- Born: 1926 Beirut
- Died: 2017 (aged 90–91) Mitchellville
- Alma mater: University of London; Vassar College ;
- Employer: Freer Gallery of Art (1956–2011) ;
- Position held: research associate (1991–2011), conservation scientist, analytical chemist

= Elisabeth West FitzHugh =

Conservation scientist (1926–2017)

Elisabeth West FitzHugh (born July 30, 1926 – January 13, 2017) was a Lebanese American conservation scientist. She was a fellow of the American Institute for Conservation and the International Institute for Conservation.

== Early life and education ==
Elisabeth West FitzHugh (née Hebard West) was born on July 30, 1926, in Beirut, Lebanon, where her father William A. West was a professor of Chemistry. She attended primary school there at the American Community School Beirut. She was an undergraduate student in chemistry at Vassar College. After earning her bachelor's degree, she moved to the UCL Institute of Archaeology (then University of London), where she earned a master's degree in the Archaeology of Western Asia. During her studies, she worked as an assistant curator and librarian at the American University of Beirut. She visited the Oriental Institute on an archaeological expedition in October 1950. On returning to the United States, FitzHugh met with George M. A. Hanfmann, then curator of the Fogg Art Museum, to discuss her career. He recommended that she speak to Rutherford John Gettens at the Smithsonian Institution.

== Career ==
FitzHugh was appointed to the technical research team at the Freer Gallery of Art in 1956. She worked alongside Gettens to establish a technical scientific laboratory at the art gallery, creating the protocols for the analysis of materials and pigments. Specifically, she developed the laboratory procedures to better understand the Chinese bronzes. This involved wet chemistry approaches and emission spectroscopy. FitzHugh had access to primitative characterization equipment at the Freer Gallery, including chemical, comparison and metallurgical microscopes. To perform X-ray diffraction measurements, she visited the National Museum of Natural History.

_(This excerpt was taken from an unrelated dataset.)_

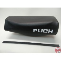 Funda de asiento para Puch Cobra Profesional replica Monjonell / Coronil en color negro, con serigrafiado blanco con la marca en la parte trasera. Identica a la original. NUEVA. Lista para montar. SERIGRAFIADA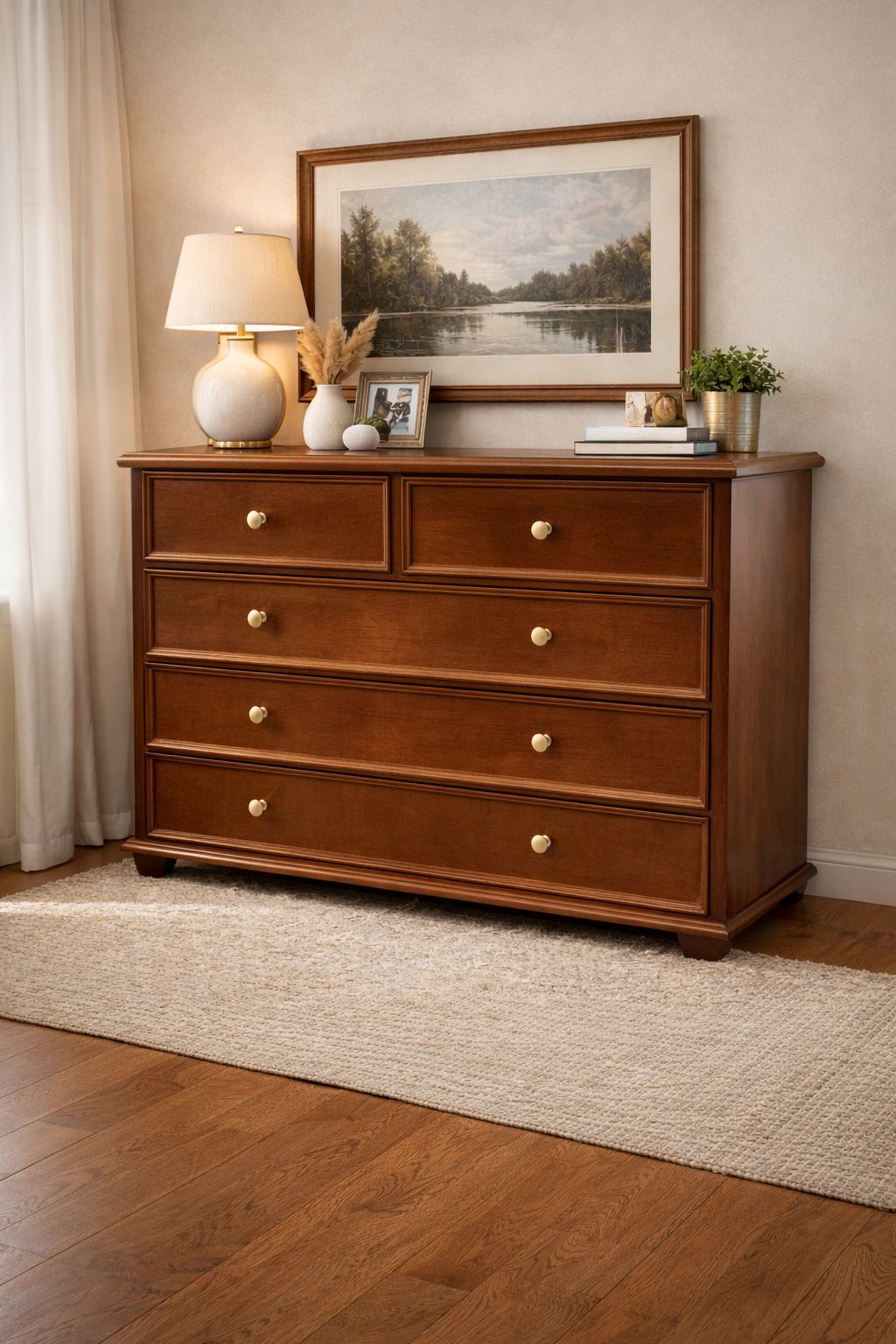 A Cômoda Clássica em Madeira é aquela peça que deixa o quarto mais elegante na hora e resolve a vida no dia a dia. Com linhas tradicionais, acabamento quente e puxadores delicados, ela traz um visual acolhedor e atemporal, combinando fácil com ambientes claros, rústicos ou mais sofisticados.

FitzHugh spent her entire career at the Freer Gallery, working as an analytical and conservation scientist. She was identified by Dr Joyce Hill Stoner as the first woman cultural heritage scientist at the Smithsonian. She soon became an expert in Chinese Jade and bronze, Japanese painting and oriental lacquer. Amongst the many artists' pigments studied by FitzHugh, her work on the chemistry of Han purple and Han blue were groundbreaking.

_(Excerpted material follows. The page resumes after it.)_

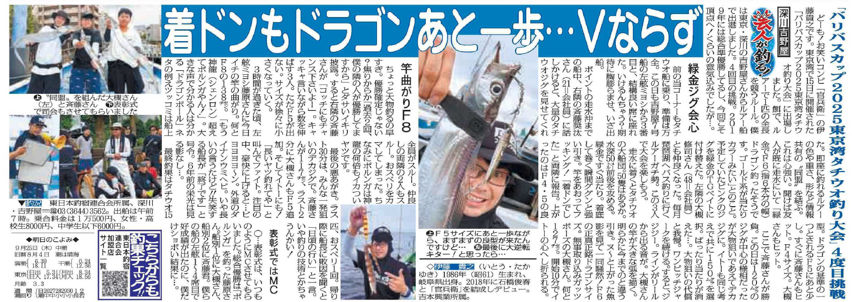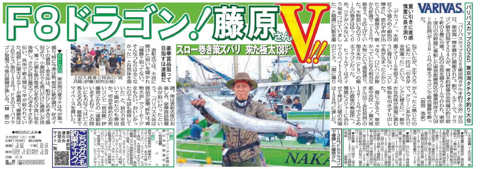 【大会名】バリバスカップ2025 東京湾タチウオ釣り大会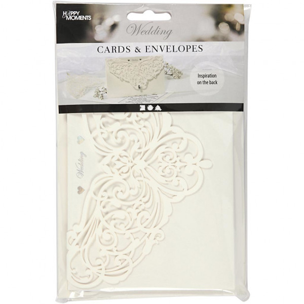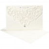 Exclusive, double card with fine carvings, printed "wedding" and includes adhesive rhinestones.

FitzHugh was interested in the conservation and protection of art. She served as editor of International Institute for Conservation of Historic and Artistic Works (IIC) Abstracts, a journal summarizing the abstracts of books, conference proceedings and dissertations on art, archaeology and architecture. She held various roles in the American Institute for Conservation of Historic and Artistic Works, including Chair of Ethics and Standards and eventually President.

== Awards and honors ==
- 1990: American Institute for Conservation R. J. Gettens Award
- 1992: Honorary member of the American Institute for Conservation
- 2002: International Institute for Conservation of Historic and Artistic Works Forbes Prize
- 2016: Honorary fellow of the International Institute for Conservation

== Legacy ==
FitzHugh retired in 1991, but continued to work at the Smithsonian until 2011. She died in 2017 in Mitchellville, Maryland.

Her personal collection of conservation volumes was donated posthumously to the South African Institute for Heritage Science and Conservation, and form the core of the collection housed there at the Elisabeth FitzHugh Conservation Library

== Family ==
FitzHugh was married to Richard FitzHugh, a biophysicist at the National Institutes of Health.